If librarians cannot personally address the anti-professional assumptions as individuals, they cannot call themselves professional.    What I am saying is that the MLIS or whatever equivalent a librarian has on their wall cannot count towards any status in society.   Each librarian needs to respond personally to the following 10 things to claim their status as professional.

Call me oblivious, naïve, or highly pigeonholed as a result of both my job and my focus in health informatics and medical librarianship, but I could not care less whether librarians are considered ‘professional’ or not so I don’t feel any need to claim my own personal status as one. I know plenty of actively engaged and involved librarians who either do not have an advanced degree on the wall or are on the path towards one. Their status in society is already greater than those who point to paper on a wall as an indicator of theirs.

What I care about for every career path (whether or not it is ‘professional’) is if you are committed to doing the best job possible with the education, knowledge and expertise you acquire (note present active tense, you’re never done)  while using what resources (including networking with colleagues) you have available.

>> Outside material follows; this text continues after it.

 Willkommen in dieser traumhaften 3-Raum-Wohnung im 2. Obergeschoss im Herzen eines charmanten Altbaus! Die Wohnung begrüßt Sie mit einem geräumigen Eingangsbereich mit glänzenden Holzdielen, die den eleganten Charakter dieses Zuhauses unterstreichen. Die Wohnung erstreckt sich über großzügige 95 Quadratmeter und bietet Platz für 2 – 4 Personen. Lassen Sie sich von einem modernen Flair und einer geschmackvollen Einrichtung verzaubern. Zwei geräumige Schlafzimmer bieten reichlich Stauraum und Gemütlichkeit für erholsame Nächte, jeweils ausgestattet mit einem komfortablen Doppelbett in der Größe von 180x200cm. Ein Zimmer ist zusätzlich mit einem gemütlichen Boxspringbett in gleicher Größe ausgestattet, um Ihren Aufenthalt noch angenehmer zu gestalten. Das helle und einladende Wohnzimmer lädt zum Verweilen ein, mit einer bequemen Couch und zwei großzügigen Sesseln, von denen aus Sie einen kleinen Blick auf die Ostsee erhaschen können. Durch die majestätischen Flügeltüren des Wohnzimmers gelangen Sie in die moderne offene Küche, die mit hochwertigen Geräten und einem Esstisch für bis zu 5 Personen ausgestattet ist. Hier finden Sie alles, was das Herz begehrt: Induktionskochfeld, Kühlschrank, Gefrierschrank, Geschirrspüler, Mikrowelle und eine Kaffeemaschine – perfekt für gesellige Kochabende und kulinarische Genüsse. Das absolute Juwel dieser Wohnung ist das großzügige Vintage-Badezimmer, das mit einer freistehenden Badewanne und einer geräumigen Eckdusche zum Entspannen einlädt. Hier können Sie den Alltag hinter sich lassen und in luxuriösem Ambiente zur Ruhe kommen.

I followed this in my previous payroll and human resources career where a Bachelors degree was not required; I follow it now in my librarian career where a Masters degree is required… and I just verified that my current salary is lower than it would be if I had stayed where I was.*

That said, I’ll briefly address 2. about ethics with a reminder: It our job to call ethics lapses when we see them. As a recent graduate I’ll tackle 8. Accredited Library Schools Do Not Adequately Prepare Students for Library Work

Unlike most comments I see addressing this throughout the library blogosphere, I did have a directly relevant  library school education that I have utilized every single day of my 2-year medical librarian in theory** career. The Health Informatics program of study at the University of North Texas more than adequately prepared me. I was shocked more than a few times during my practicum that what I was learning from my coursework was at the cutting edge of  medical librarianship. It was not an easy program. It drove me to tears of frustration (and almost incineration) that I never experienced in my undergraduate degree.

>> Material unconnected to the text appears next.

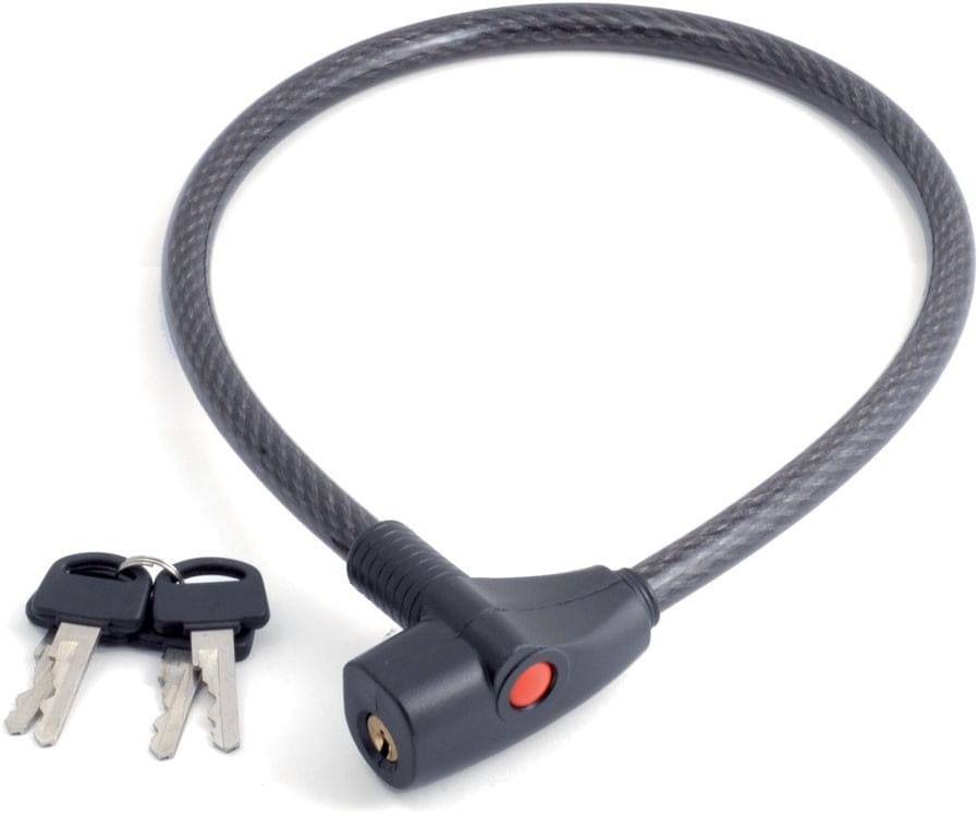 Linka z zamkiem na kluczyk. W komplecie 4 klucze. Średnica linki: 12mm. Długość: 65cm. Waga: 210g. Kolor: czarna.

Every job has an initial training and learning curve as practical experience is gained in the institution and/or the career field. Why do so many recently-graduated librarians (and hiring managers) seem to assume they can have the full knowledge, skills and abilities (KSAs) at the same level as a librarian (advanced degree or not) who has worked for 10, 20 or more years? Is library school education honestly not preparing new librarians with adequate core competencies as they gain the particular KSAs to their institution and the field, and participate in continuing education activities with meaningful learning objectives? I sincerely doubt it. Is everyone assuming this completely unrealistic expectation of KSAs due our perfectionistic culture and the fact that so many current librarians have been working for at least 20 post-’technostressed‘  years? I don’t know. I’m still new here, what do you think?

*One could argue I made a very unprofessional choice to move down the salary ladder to a ‘professional’ field with increased education requirements. If I was paying back student loans (my graduate education was free & I’m acutely aware of what an anomaly that is for library school) I’d be pretty ticked off.

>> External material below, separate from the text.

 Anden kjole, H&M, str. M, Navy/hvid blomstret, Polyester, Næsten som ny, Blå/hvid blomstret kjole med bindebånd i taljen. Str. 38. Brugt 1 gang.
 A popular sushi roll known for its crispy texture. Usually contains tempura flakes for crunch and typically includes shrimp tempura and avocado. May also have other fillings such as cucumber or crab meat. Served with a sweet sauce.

**What is this medical librarian in theory bit? Yes, I do have an ALA-accredited Masters degree. Yes, I am employed as an academic librarian with a rank of Assistant Librarian (for fun about rank, you can see the out of date personnel code information for us from the main HR page). Yes, I consider myself a medical librarian. All that said, I am not a traditional medical librarian serving traditional academic users. Explaining what the National Network of Libraries of Medicine is (and isn’t, there are some interesting assumptions out there) and my role within it is an elevator speech impossibility.